■ TASK TO COMPLETE:
This exercise calls for the whole listing to be given again exactly, without images.

■ DATA:
____________

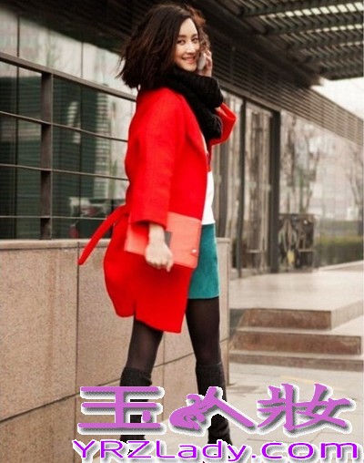 小编点评:张歆艺一件红色呢外套,内配短毛衣+短裤+红皮鞋,非常喜气。
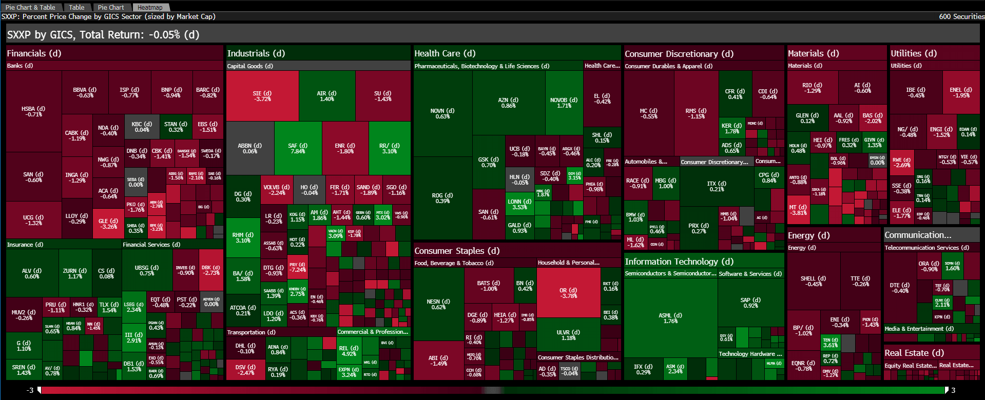 Dnešní výkonnost akcií a sektorů indexu Stoxx 600. Zdroj: Bloomberg Finance LP
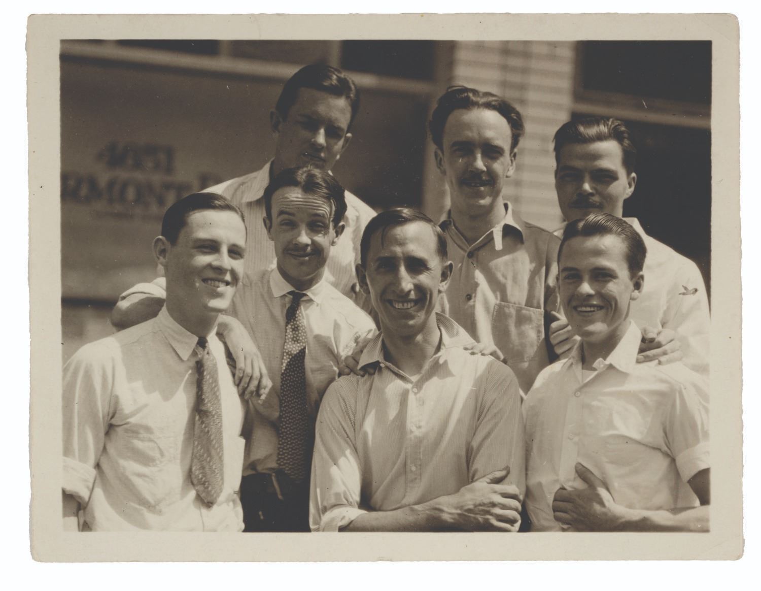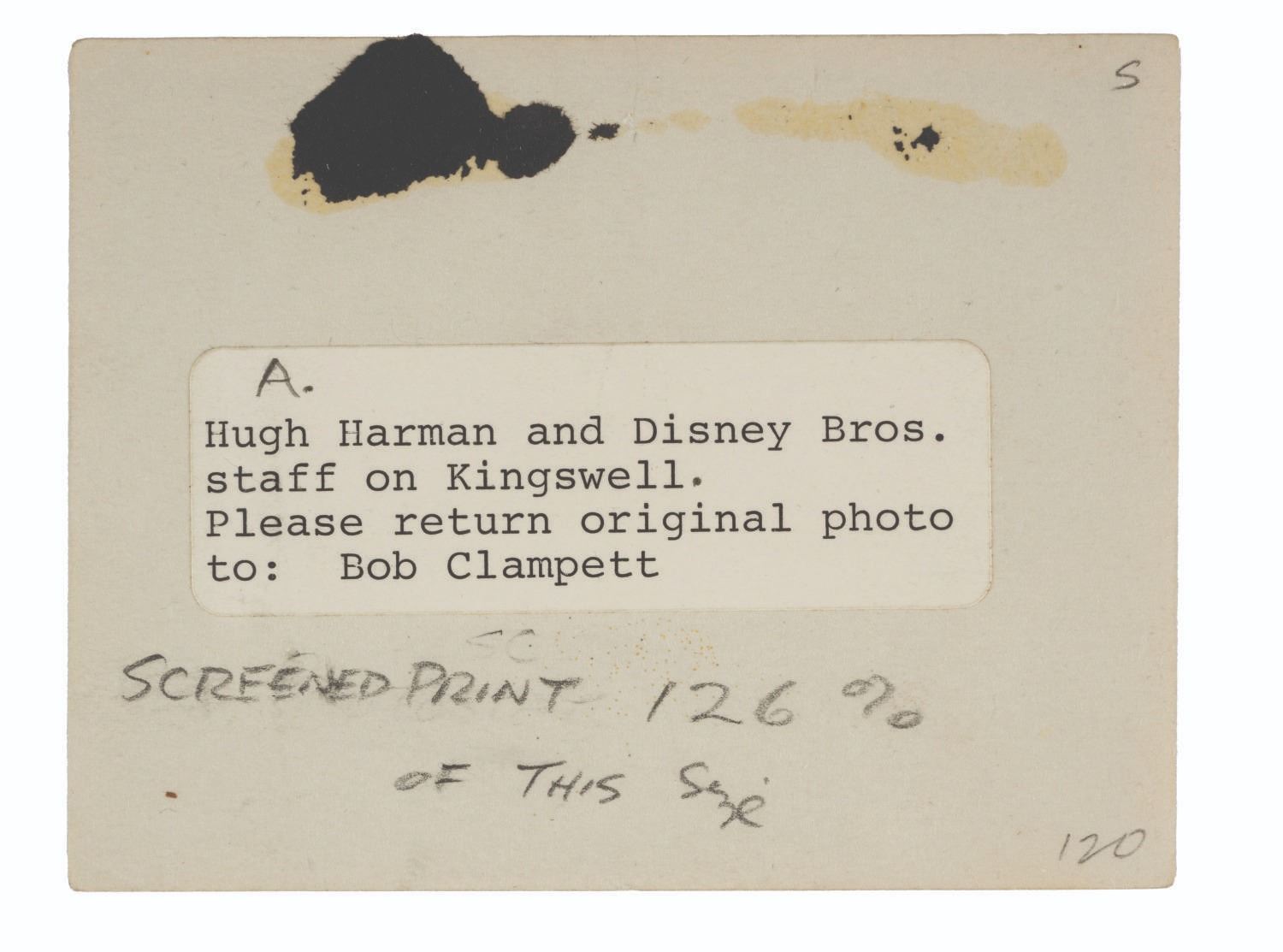 (Disney, 1925) A rare original photo of the staff at the Kingswell Street headquarters of the Disney Bros. Studio in 1925. Pictured are Rudy Ising, Hugh Harman, Ub Iwerks, Ham Hamilton, Roy Disney, Thurston Harper, and Walker Harman. The 4” x 3” photo is in good condition with some residue on the reverse from being mounted in a scrapbook. The reverse also has a label with a description and some reproduction instructions.
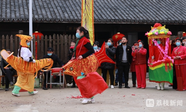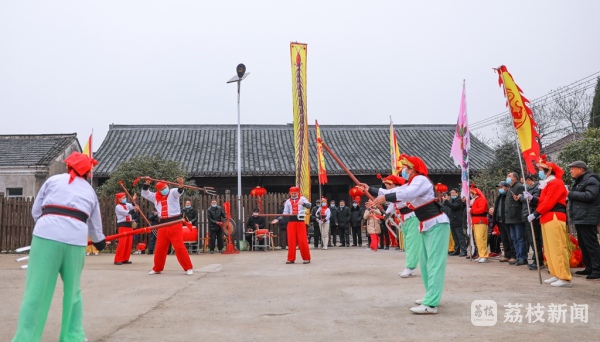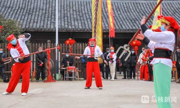 今天上午,在铿锵喜庆的锣鼓声中,一场精彩的民间绝技“张家镋舞”表演热闹上演,只见头戴红巾、身穿白衣、红裤的村民,将手中的五尺凤翅镋时而抛向高空,时而越过后背滑到掌心,不同的招式令人眼花缭乱,叹为观止。除了精彩的镋舞表演,还有舞狮、摇花船等民俗表演,这也让一旁的村民尝到了一道独特的“文化大餐”。村民张元国说:“我每年都会来看,看了十几年了,大家在一起聚聚也是把这个元宵佳节过的充实一点,快乐呀一点。”

____________

■ ANSWER BOX:
 小编点评:张歆艺一件红色呢外套,内配短毛衣+短裤+红皮鞋,非常喜气。
 Dnešní výkonnost akcií a sektorů indexu Stoxx 600. Zdroj: Bloomberg Finance LP
 (Disney, 1925) A rare original photo of the staff at the Kingswell Street headquarters of the Disney Bros. Studio in 1925. Pictured are Rudy Ising, Hugh Harman, Ub Iwerks, Ham Hamilton, Roy Disney, Thurston Harper, and Walker Harman. The 4” x 3” photo is in good condition with some residue on the reverse from being mounted in a scrapbook. The reverse also has a label with a description and some reproduction instructions.
 今天上午,在铿锵喜庆的锣鼓声中,一场精彩的民间绝技“张家镋舞”表演热闹上演,只见头戴红巾、身穿白衣、红裤的村民,将手中的五尺凤翅镋时而抛向高空,时而越过后背滑到掌心,不同的招式令人眼花缭乱,叹为观止。除了精彩的镋舞表演,还有舞狮、摇花船等民俗表演,这也让一旁的村民尝到了一道独特的“文化大餐”。村民张元国说:“我每年都会来看,看了十几年了,大家在一起聚聚也是把这个元宵佳节过的充实一点,快乐呀一点。”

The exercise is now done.